生きていられるだけでいい 救出された奥田建人さんが証言
【SANKEI EXPRESS 02/25 07:52】
 ニュージーランド地震のビル倒壊現場から、右脚を切断する手術を受けて救出された富山外国語専門学校1年の奥田建人(けんと)さん(19)が2月24日、病室で取材に応じた。「家族や友達に『生きてます』と伝えたい。それで十分です」と気丈に話し、がれきの下敷きになってから救出されるまでの状況を証言した。
 ■仲間と「体力温存しよう」
 3週間の語学研修でクライストチャーチを訪れていた奥田さんは22日昼、語学学校の授業を受けた後、ビル4階のカフェテリアに向かった。サンドイッチを食べていたとき、突然強い揺れに襲われた。

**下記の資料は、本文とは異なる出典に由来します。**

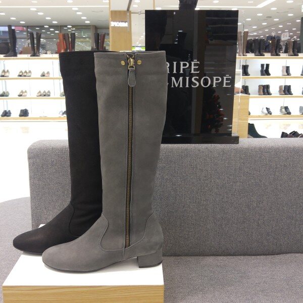 - 심플한 집업 롱부츠에 지퍼 장식이 다리 라인을 날씬하게 잡아주어 핏감이 우수하게 연출되는 플랫 롱부츠입니다.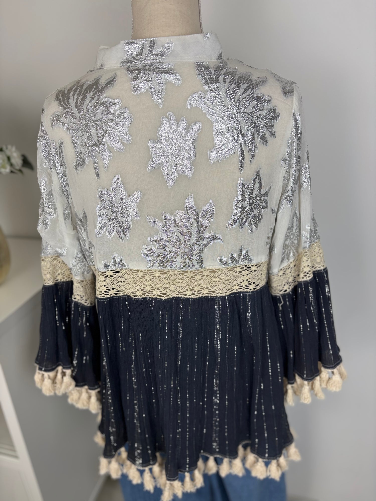 Pecho con estampado en plata y cuerpo con vuelo en negro y acabado en borlas.
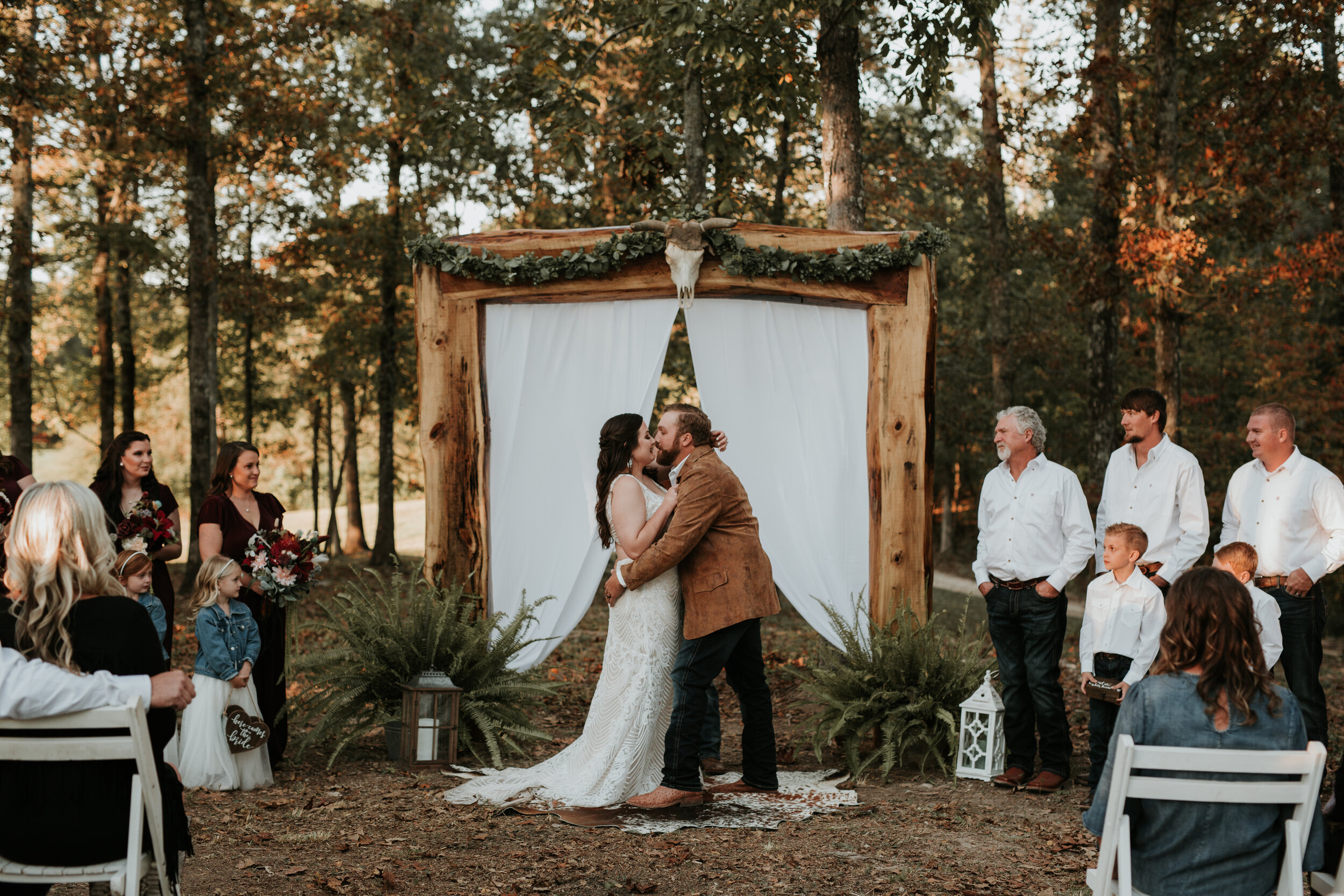 OTTER CREEK IS A WEDDING AND CORPORATE EVENT VENUE LOCATED IN OHATCHEE, ALABAMA. THIS VENUE IS SO PERFECT INSIDE AND OUT AND HAS A WIDE VARIETY OF OFFERINGS FROM WINGSHOOTING, HUNTING, A DISTILLERY, DOG KENNELS, AND OF COURSE ITS GORGEOUS SPACE TO HOST WEDDING AND EVENTS IN THE MAIN LODGE. MR. AND MRS. LUCAS DIDN’T LET THE RAIN STOP THEM FROM CELEBRATING THEIR WEDDING DAY. THEIR ORIGINAL PLAN WAS TO HAVE THEIR CEREMONY OUTSIDE UNDER THE PAVILION, BUT DUE TO THE RAIN, EVERYTHING WAS MOVED INSIDE AND IT WENT OFF WITHOUT A HITCH. THE AMAZING PEOPLE AT OTTER CREEK HELPED US ORGANIZE AND MOVE EVERYTHING AT JUST THE RIGHT TIMES AND EVERYTHING STILL FLOWED PERFECTLY. YOU WOULD HAVE NEVER KNOWN IT WAS PLAN B.

 揺れはどんどん強くなる。「やばくない?」。級友と話していると、床ごと下に落ちた。気が付くと周囲は真っ暗で何も見えず、体はがれきの下敷きになっていた。右脚に強い痛みを感じ、立ち込めるほこりで息が苦しかった。
 「助けて」「息ができない」。近くに何人も同じ学校の仲間がいた。「落ち着こう」「体力を温存しようと」と励まし合い、じっとして動かないように努めた。
 携帯電話で富山にいる兄(23)に助けを求めた。兄から日本の警察や外務省に連絡が伝わったらしく、しばらくしてクライストチャーチの警察から電話がかかってきた。そばで同様に閉じ込められていた富山外国語専門学校教員の亀遊(きゆう)知子さん(43)が通話を代わり、英語で場所や状況を説明。このころ、地震発生から既に10時間ほどたっていた。
 それから約2時間。駆け付けた救助隊ががれきを取り除き始めた。「助かったよ」。級友たちの声が次々に聞こえる。自分を助け出そうとした隊員が英語で「脚を切るぞ」と言った。
 「生きていられるだけでいい」。つらかったが、自らにそう言い聞かせた。麻酔で意識が途切れた。目が覚めると、病院の手術室だった。強烈な光に目がくらみ、再び意識が遠のいた。
 今回の語学研修が、初めての海外渡航だった。「こんなことがあったけど、またいろいろな国に行きたいし、英語を使う仕事に就きたい」。ベッドの上で笑顔を見せ、将来の夢を語った。